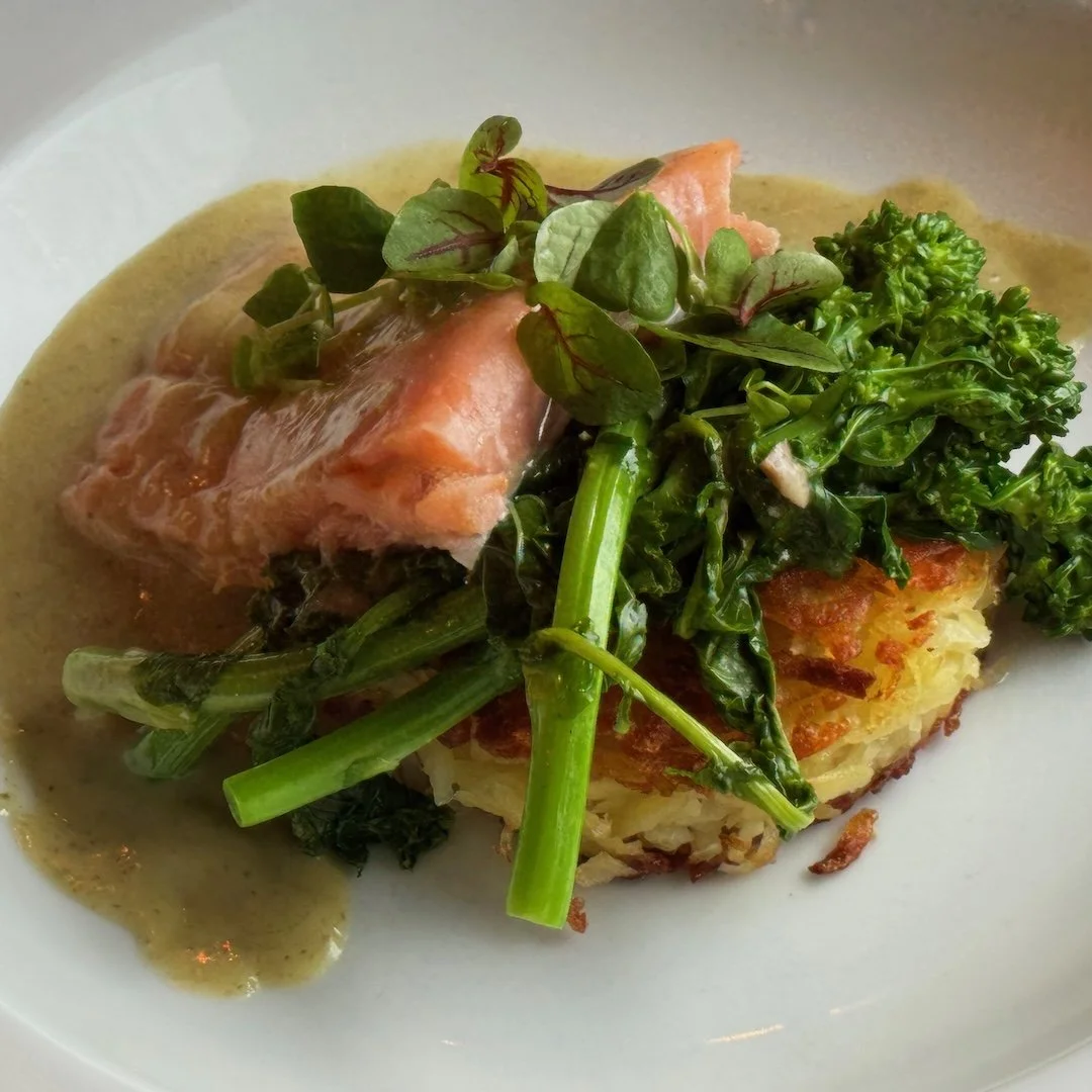 POTATO RÖSTI, SEASONAL GREENS & CAPER CREAM SAUCE (GF)
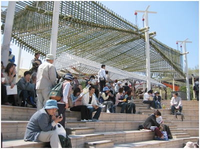 | 写真3 愛知万博・瀬戸会場「竹の日よけ」 | 図3 愛知万博・瀬戸会場「竹の日よけ」提案 | |
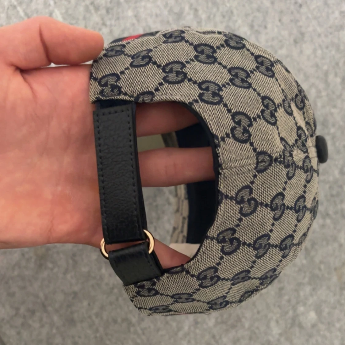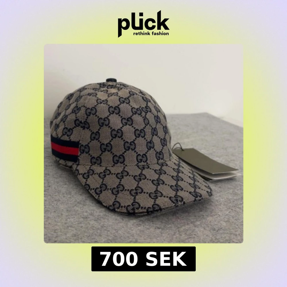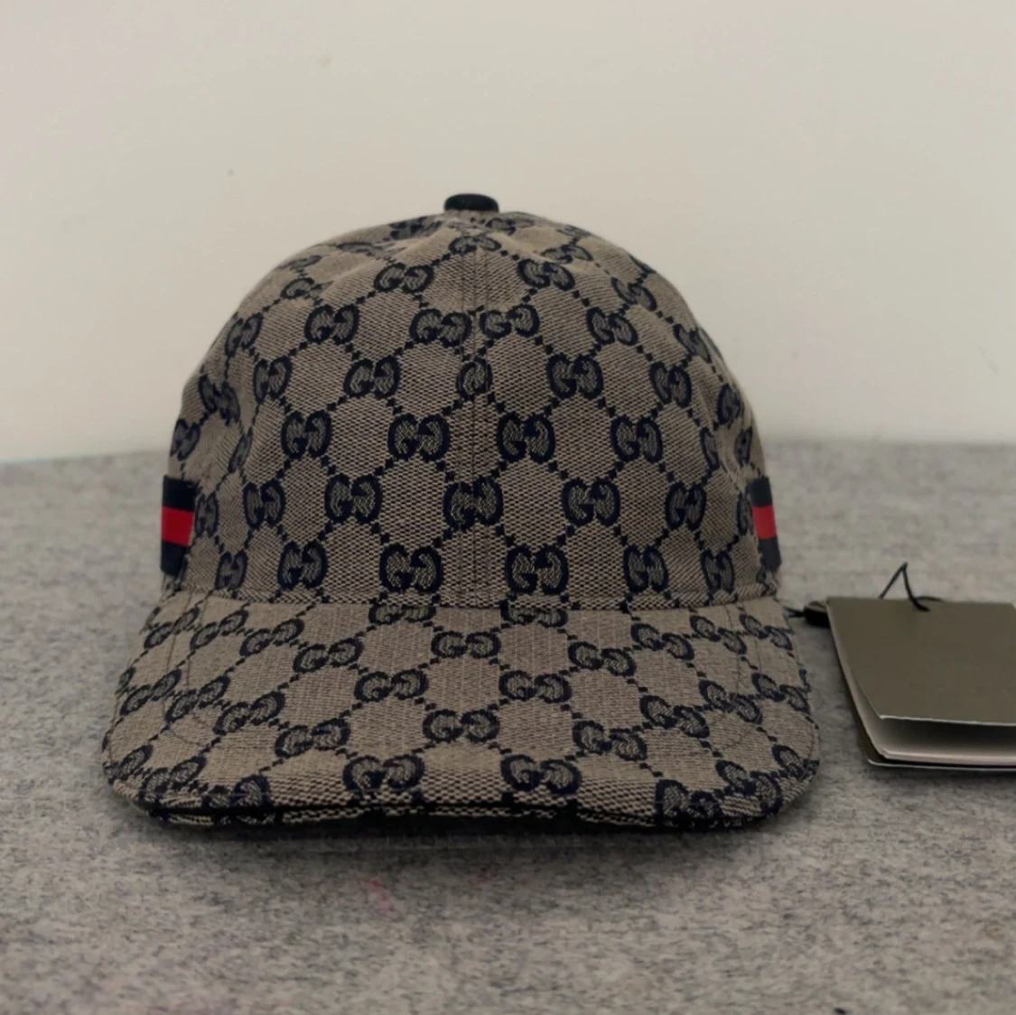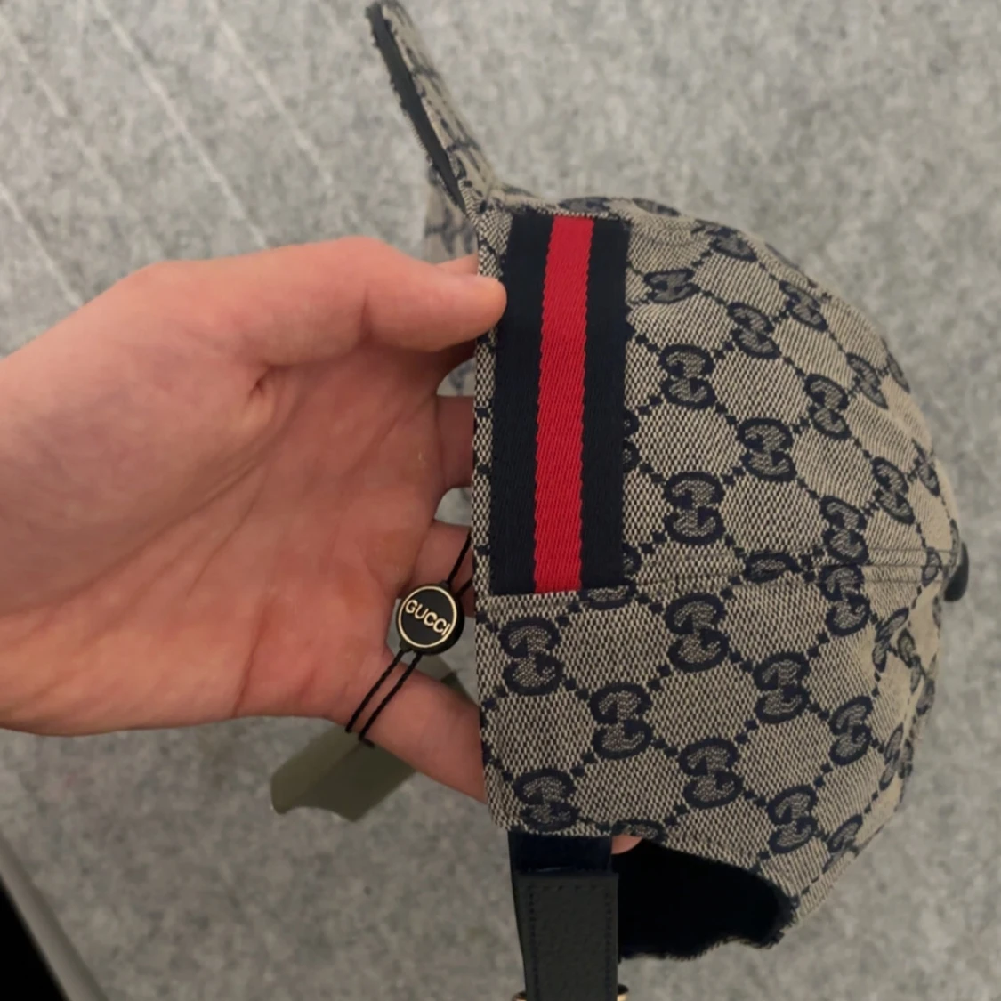 Skriv dm för video eller prisförslag .Säljer en beige keps från Gucci med klassiskt GG-monogram i mörkblått och röd-blå rand på sidan. Justerbart spänne bak i svart skinn. Perfekt accessoar för en trendig look. Strolek ”M”
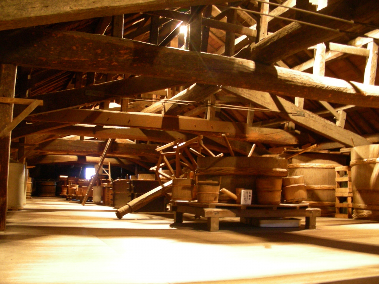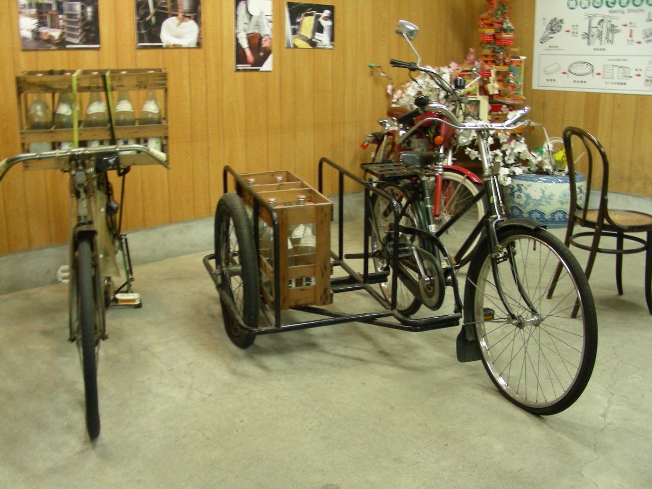 現役の酒造元「薫長」の酒蔵を開放したもので、古い木製の酒造道具に加え、現役の金属製醸造桶も見ることができます。また、レトロな販促ポスター、一升瓶を入れた木製ケースごと運ぶ運搬用の自転車サイドカー、エンジン付き自転車など、昭和レトロな品々が並び、つい見入ってしまいます。蔵人が気軽に質問に答えてくれるのも楽しかったです。
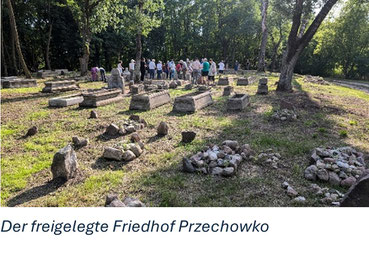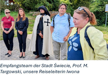 In der Nähe der Stadt Schwetz/Świecie befand sich bis in die 1830er Jahre die Mennoniten-Gemeinde Przechowko/Przechówko. Seit zwei Jahren wird der bis dahin mit Bäumen und Sträuchern überwucherte Friedhof von dem Verein Lapidaria restauriert. Man rechnete 50 Grabsteine zu finden, es wurden 135, zum Teil aus dem 18. Jahrhundert. Über die Inschriften der Grabsteine lassen sich Bezüge zum Kirchenbuch der Gemeinde herstellen. Neben Spenden aus den Niederlanden und Nordamerika unterstützt auch der Mennonitische Arbeitskreis Polen diese Arbeit. Aus diesem Grund wurde unsere Gruppe kurzfristig von der Stadt Schwetz in das historische Schloss aus der Ordenszeit eingeladen. Freundlich empfangen wurden wir von der Vize-Bürgermeisterin Marta Karolczak. Ein in Ordenstracht gekleideter Historiker erklärte uns die Geschichte des Schlosses. Danach gab es noch eine Erfrischung im Refektorium des Schlosses.
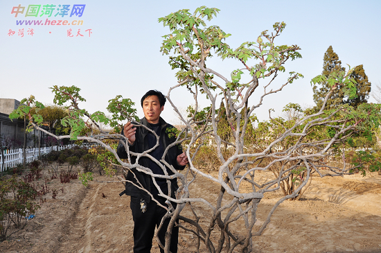 古今珍品牡丹园农艺师在护理百年牡丹树
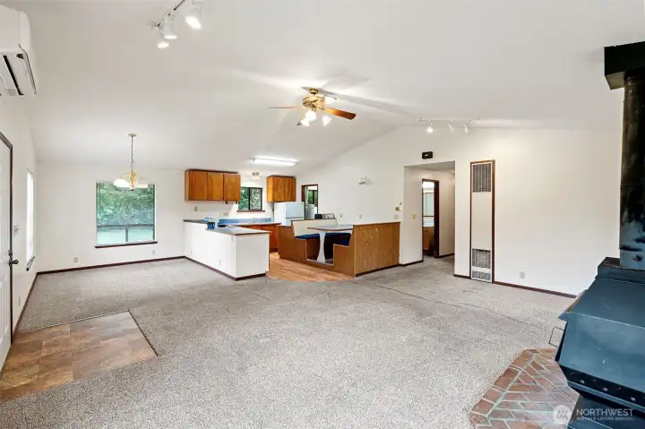 Perfectly positioned on 2 private acres down a secluded driveway, this 1,440 sq ft single-story home offers an ideal blend of space, privacy, and opportunity. Surrounded by a peaceful wooded setting, but also open, usable land perfect for gardening or outdoor entertaining. Inside, you’ll find a functional and inviting layout with open kitchen and living areas, vaulted ceilings, and abundant natural light. The home offers two bedrooms and a full bathroom, providing easy one level living. Stay comfortable all year round with a ductless mini-split heat pump, complemented by a cozy wood burning fireplace that adds warmth and character. Outside, an attached carport, attached and detached garages, and RV parking. Good for hobbies, storage, recreational vehicles, or future projects. With room to grow and plenty of potential, this home presents a fantastic opportunity for customization, expansion, or investment, all while enjoying the privacy of a tucked-away setting. Conveniently located near amenities while still offering a private, rural feel. ***MULTIPLE OFFERS HIGHEST & BEST DUE SAT 4/18 AT 1PM***
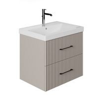 Karen Waschtisch-Set Waschtisch mit Unterschrank Venus Weiß, (2-St., Der Lieferumfang umfasst Unterschrank, eine Konsole und Waschbecken), Futuristisch, Hochglanz, Keramikwaschbecken, Softclose
★ ★ ★ ★ ★ ★ ★
-- Work item --
Exact repeat, pictures omitted: give every line from the top of the records down to and including the line with "Skriv dm för".

-- Response box --
 POTATO RÖSTI, SEASONAL GREENS & CAPER CREAM SAUCE (GF)
 | 写真3 愛知万博・瀬戸会場「竹の日よけ」 | 図3 愛知万博・瀬戸会場「竹の日よけ」提案 | |
 Skriv dm för video eller prisförslag .Säljer en beige keps från Gucci med klassiskt GG-monogram i mörkblått och röd-blå rand på sidan. Justerbart spänne bak i svart skinn. Perfekt accessoar för en trendig look. Strolek ”M”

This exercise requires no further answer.